Diarmaid Ferriter: Wilful disregard for Ireland at Westminster is nothing new

‘Breathtaking ignorance’ of Brexiteers on Border has deep roots in past affairs

Joe Duffy could have added that two of Farage’s children are entitled to citizenship here through their Irish-born mother Photograph: Alastair Grant

Joe Duffy could have added that two of Farage’s children are entitled to citizenship here through their Irish-born mother Photograph: Alastair Grant

This month 97 years ago, British prime minister David Lloyd George was in boastful form about the Irish question that had dogged his coalition governments. The day before the Anglo-Irish Treaty was signed, a panicked Arthur Griffith, who led the Irish delegation, pleaded with the prime minister to obtain “a conditional recognition, however shadowy, of Irish national unity” in return for the acceptance of allegiance to the empire by an Irish Free State.

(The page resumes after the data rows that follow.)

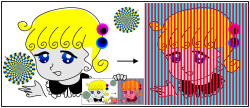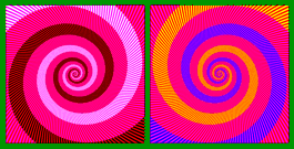 この動画は、2枚の静止画から成っている。1枚目(下図「風林火山」)は6秒間提示され、2枚目(下図「武田信玄」)は1秒だけ提示される。どちらの画像も、左側は白と黒の渦巻きで、右側は黄と青の渦巻きである。どこか同じ場所を見つめながら眺めていると、6秒間提示される1枚目は「正しく」見えるが、1秒間だけ提示される2枚目は、左側は黄と青の渦巻きで、右側は白と黒の渦巻きに見える。この錯視は、「錯視残効」 というものに違いない(そんなカテゴリーは今までなかったと思うが)。
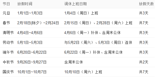 春节已经结束了,不少小伙伴表示对于假期还是恋恋不舍。不要着急,既然三月已经到了,那么清明小长假还会远吗!而且呢,小编要告诉大家一个好消息,根据日历以及政府公告,今年清明、端午、中秋还有劳动节适逢周末,因此大家不必再为了调休补课而晕头转向了~但是不知为何,原本中秋节的三天假期却缩水到了两天。(放假安排详情见下图)
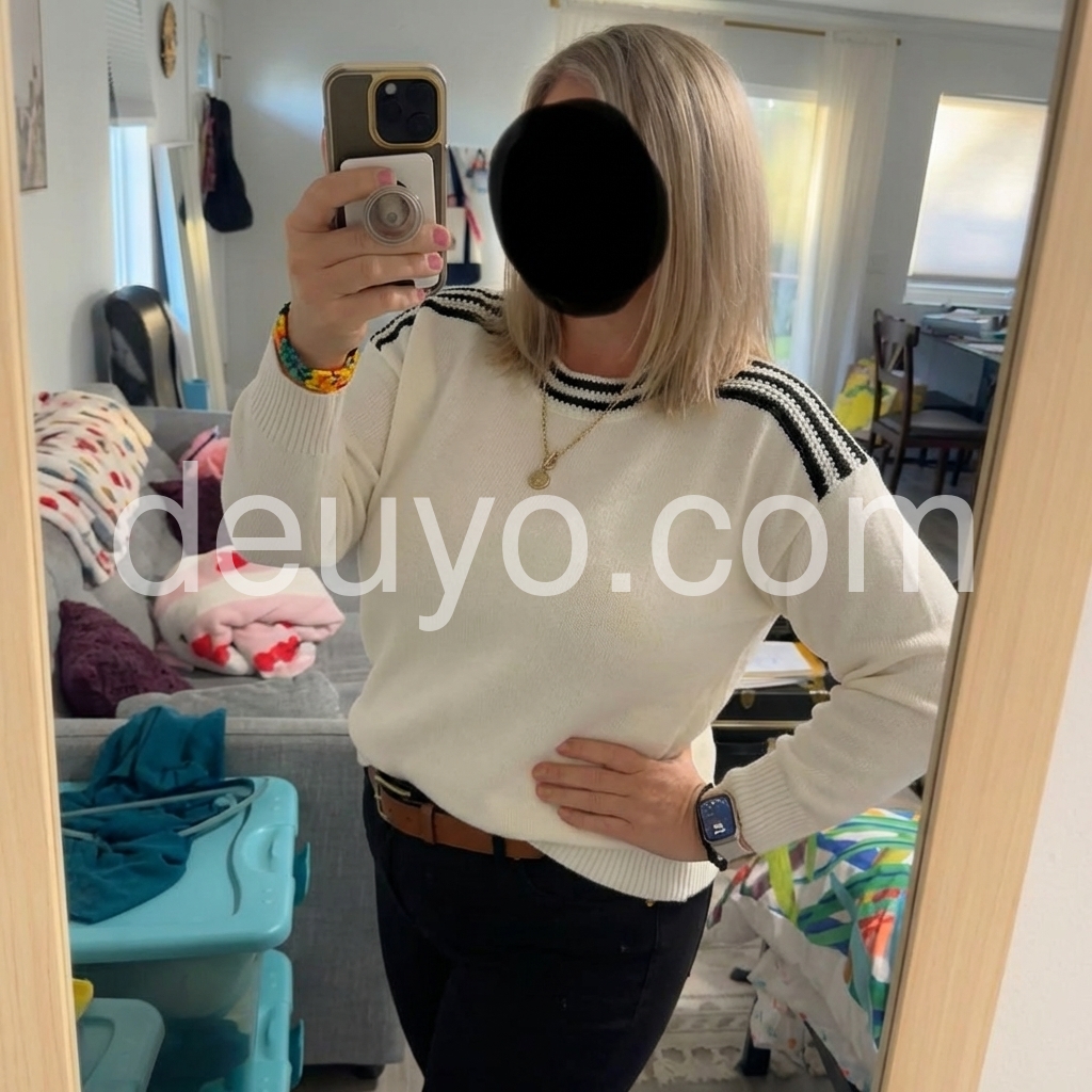 This sweater is a perfect blend of comfort and style. The black-and-white striped neckline gives it a distinctive, classic look, and the plain white body makes it easy to pair with almost anything. The knit fabric feels smooth and cozy, and the fit looks really nice on. I’ve already recommended it to a friend!
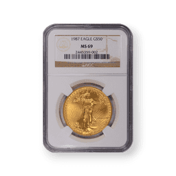The 1987 1 oz American Gold Eagle, denoted by the Roman numeral MCMLXXXVII, is a distinguished piece in the United States Mint's American Gold Eagle series. Minted in .9167 fine gold (22 karat), this coin carries the celebrated designs of Lady Liberty by Augustus Saint-Gaudens on the obverse and the familial eagle scene by Miley Busiek on the reverse. The NGC certification indicates that the coin has undergone a thorough evaluation by the Numismatic Guaranty Corporation, ensuring its authenticity and condition. As the second year of issue for the American Gold Eagle series, the 1987 edition holds a special place among collectors and investors, offering not just a piece of American numismatic history but also a valuable and certified investment in precious metal.
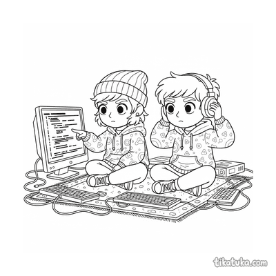 As páginas para colorir deste porão incluem duplas de hackers em terminais retro, DJs produzindo música em estúdios improvisados e clubes de criptografia resolvendo enigmas. Você também encontrará colecionadores de computadores antigos, artistas soldando placas de circuito e até um hacker com um jardim vertical entre os equipamentos. Todas as cenas são apresentadas com contornos nítidos em preto e branco, ideais para colorir. Com 78 desenhos disponíveis, você pode baixar e imprimir várias páginas de uma vez para criar uma sessão de colorir temática. As ilustrações são otimizadas para impressão doméstica, garantindo linhas limpas para um preenchimento fácil, seja com lápis de cor ou marcadores.
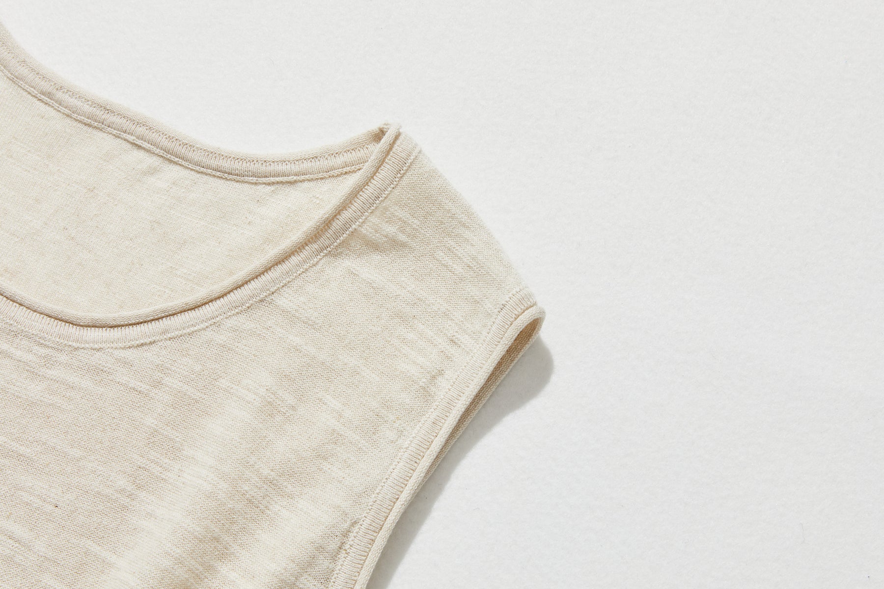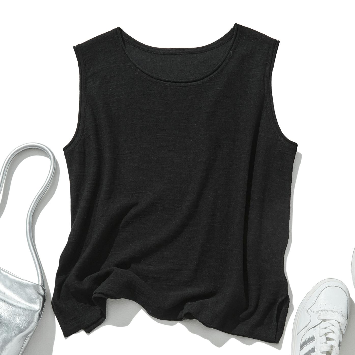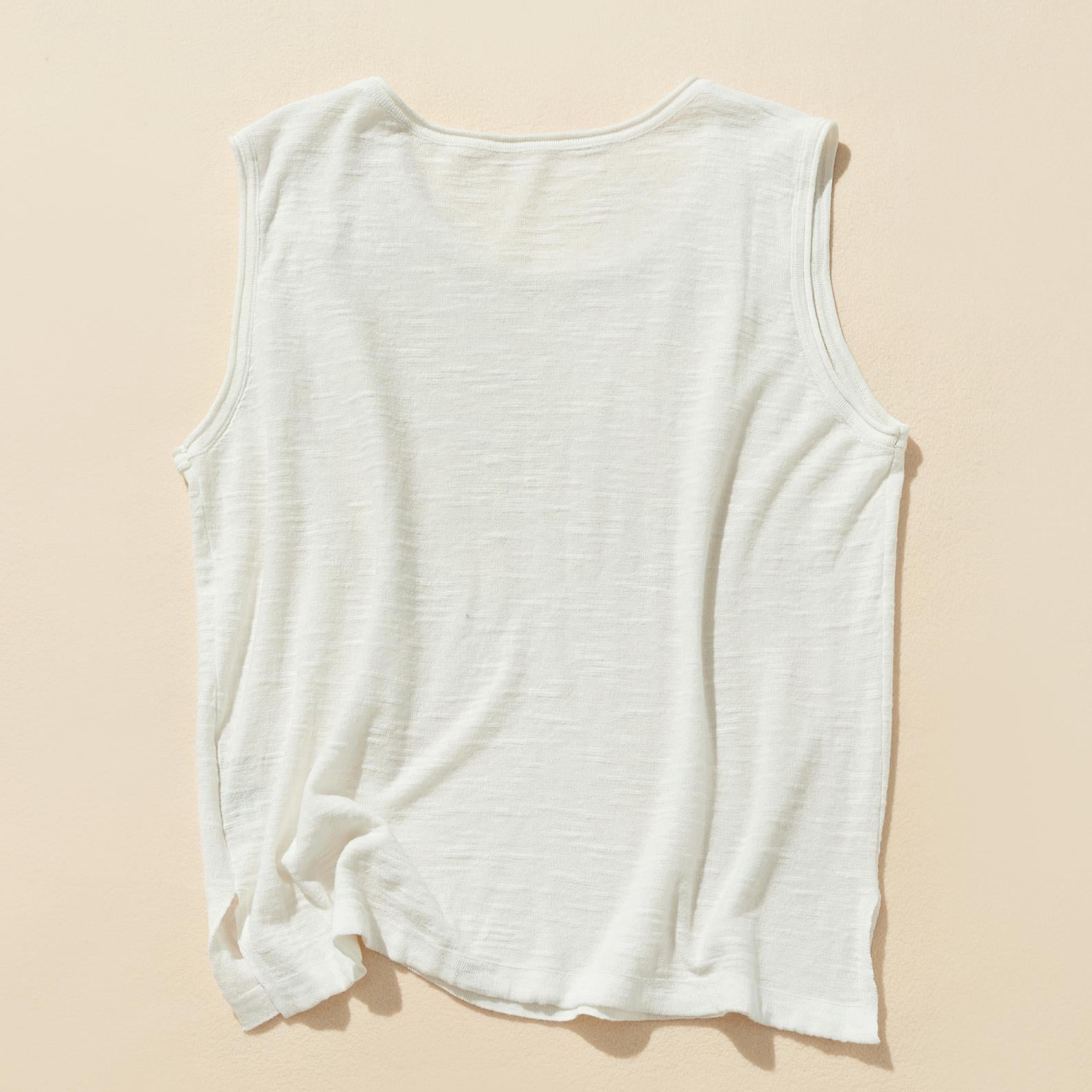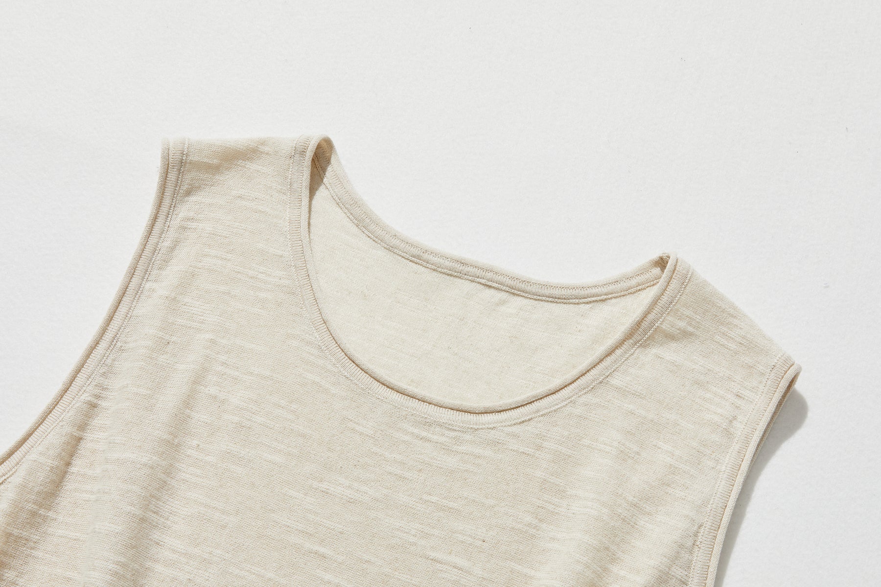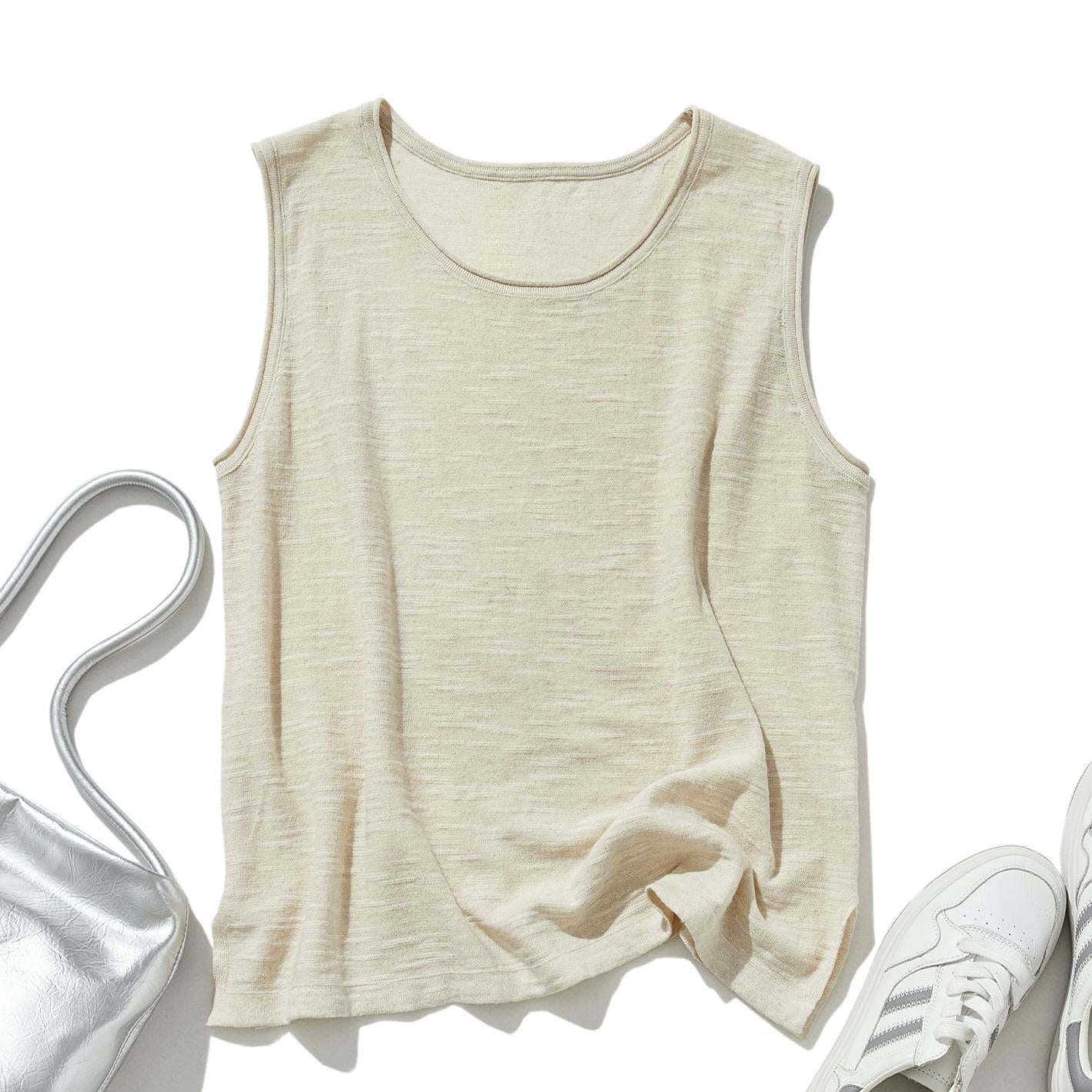 毎日、心地よく着られる実力派タンクトップ コットンリネントップス 240702★素肌に触れて心地良い、ソフトで伸びやかなコットンリネン 。★厚すぎず薄すぎず、インナーユースでも着ぶくれしにくい厚み★ゆったりと着られる、締めつけの少ないシルエット★やや裾広がりでウエストまわりのもたつきを回避★さらりとした着心地で、インナーやアウターと合わせることでレイヤードスタイルも楽しめます。素材:コットン45% リネン55%サイズ:身丈61cmバスト98cm裾104cmアームホール46cm首回り62cm透け感:若干あり裏地:なしポケット:なし伸縮性:あり光沢感:なしシーズン:春、夏、秋
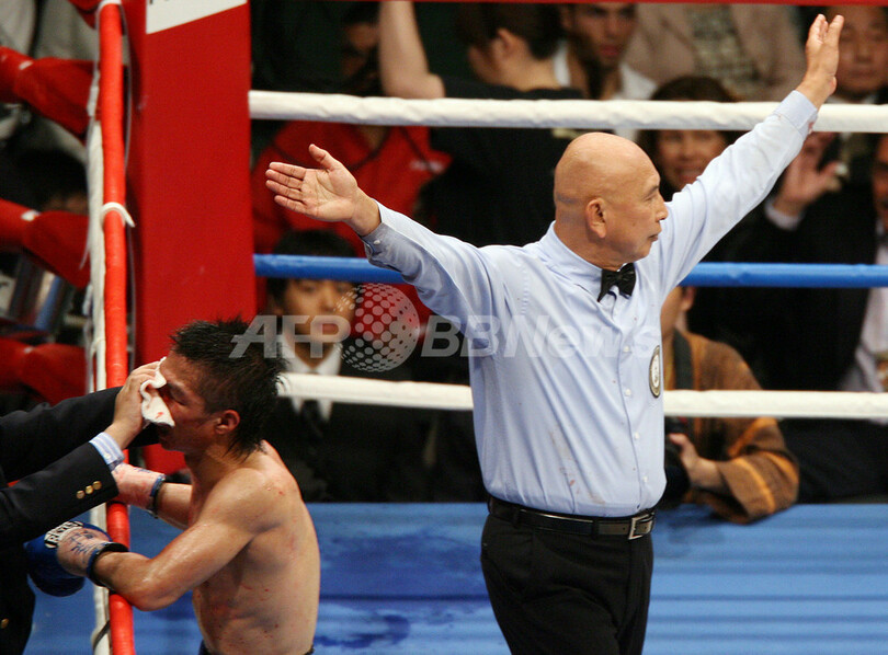 スポーツ スポーツ その他 <ボクシング>本望 8ラウンドTKOで王座奪取ならず - 東京 2007年5月3日 21:11 発信地:東京 [ アジア・オセアニア 東京 ] このニュースをシェア ‹ › ❮ 3/4 ❯ 写真は、右目を負傷しレフリーにTKOを宣言される本望(左)。(c)AFP/TOSHIFUMI KITAMURA 画像作成中 ! 【東京 3日 AFP】ボクシング、WBA世界スーパーフェザー級タイトルマッチ、エドウィン・バレロ(Edwin Valero、ベネズエラ)vs本望信人(Nobuhito Honmo、日本、右)。試合は挑戦者の本望が8ラウンド1分54秒にTKOで王者のエドウィン・バレロに敗れた。(c)AFP/TOSHIFUMI KITAMURA スポーツ その他 一覧へ> メディア・報道関係・法人の方向け 写真・動画 購入のお問合せ>

But the desperate plea was in vain; instead, a boundary commission proposal was incorporated into article 12 of the treaty; it stipulated that if Northern Ireland opted to remain separate from the new Free State, as was its right under the treaty, the boundary commission would determine the Border “in accordance with the wishes of the inhabitants, so far as may be compatible with economic and geographic conditions”.